In short, SPAC’s offer unique investment advantages for a sponsor investor. That’s precisely why so many wealthy individuals invest in SPACs. Where can you invest in an IPO at a substantial discount?

There are numerous benefits in a SPAC to the Sponsor:

Investors in a SPAC prior to an IPO are called Sponsors; Those Sponsors either use their own capital or raise outside capital to fund what we call “at-risk-capital”. This capital will be used to pay all the expenses the SPAC will spend prior to acquiring a target, including legal fees, underwriting fees, working capital, accounting, etc.
This is a significant change to earlier periods of old-fashioned blank-cheque companies, when all those fees have been paid out of the IPO proceeds. In exchange for their investment, the Sponsors will receive a unit which is a combination of so-called “founders shares” and “founders warrants”.

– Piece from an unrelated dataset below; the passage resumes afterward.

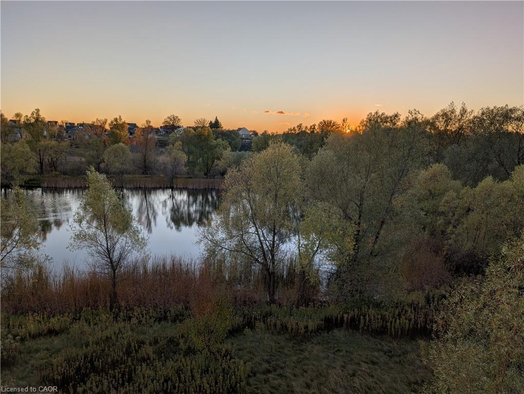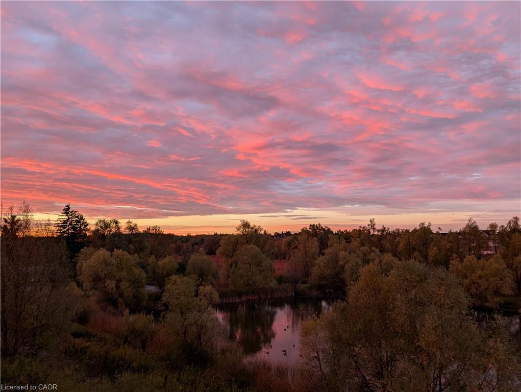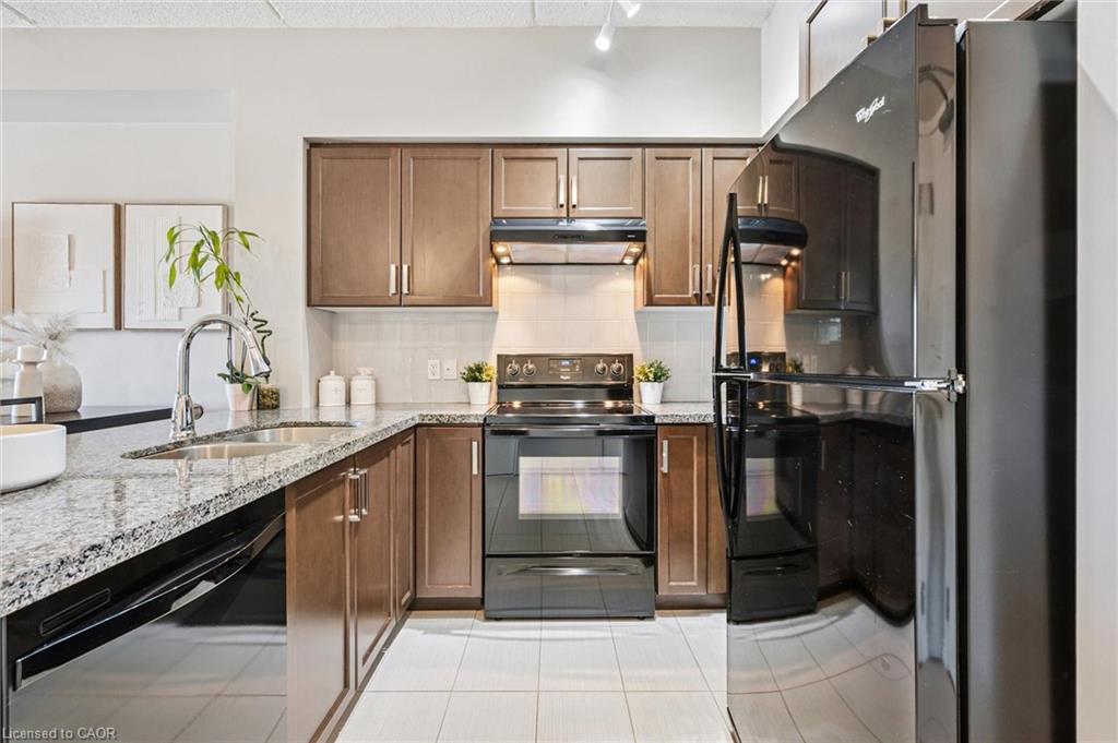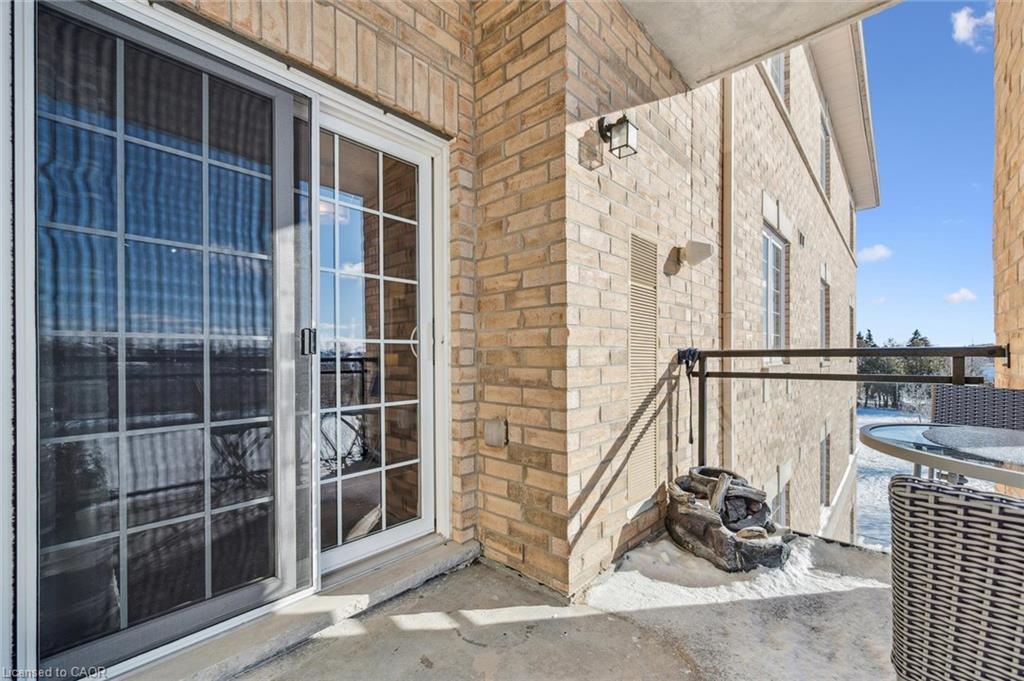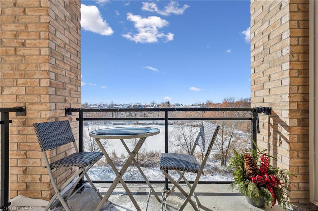 Welcome to this stunning and meticulously maintained one bedroom plus den condo in Guelph’s sought-after south end, complete with a dedicated parking space and a convenient storage locker located on the same floor. This sunlit unit boasts 9 ft ceilings, oversized windows, and tastefully updated hardwood flooring in the living area and carpet in the bedroom creating a bright and welcoming atmosphere. The open concept layout is flooded with natural light, making the space feel airy and spacious. The versatile den offers endless possibilities as a home office, study, or guest room, catering to your specific needs. The modern kitchen offers plenty of space and is fitted with granite countertops, a breakfast bar, updated appliances, backsplash, and seamless access to the stackable laundry closet. Enjoy your morning coffee or unwind after a long day on the private balcony that overlooks serene green space, providing a peaceful retreat right at home. The prime location is unbeatable, just minutes away from the University of Guelph, Stone Road Mall, grocery stores, restaurants, and the bus station, with easy access to the 401 for commuters. Whether you’re a first-time buyer, downsizing, or investing, this well-appointed condo offers a fantastic opportunity in a highly desirable south-end location, with every convenience at your fingertips. Don’t miss your chance to call this beautiful condo your new home!

And, there are other advantages:

  • SPAC provide a potential permanent capital solution for sponsors through access to public markets, which allows for more open-ended private equity investments.

  • The private equity sponsor retains 20% of the post-IPO SPAC, providing an outright ownership position, which increases the potential upside in the post-business combination entity.

  • SPAC can serve as co-investment vehicles, allowing private equity sponsors to do side-by-side transactions with less leverage and more equity.

  • SPAC allow the pursuit of larger acquisition targets and targets in industries that fund documents would prohibit.

  • SPAC provide greater liquidity for sellers who receive SPAC equity in the transaction, as compared to an illiquid interest in a private portfolio company

  • Sponsors receive a large protion of the SPAC’s equity at a significant discount in return on their investment.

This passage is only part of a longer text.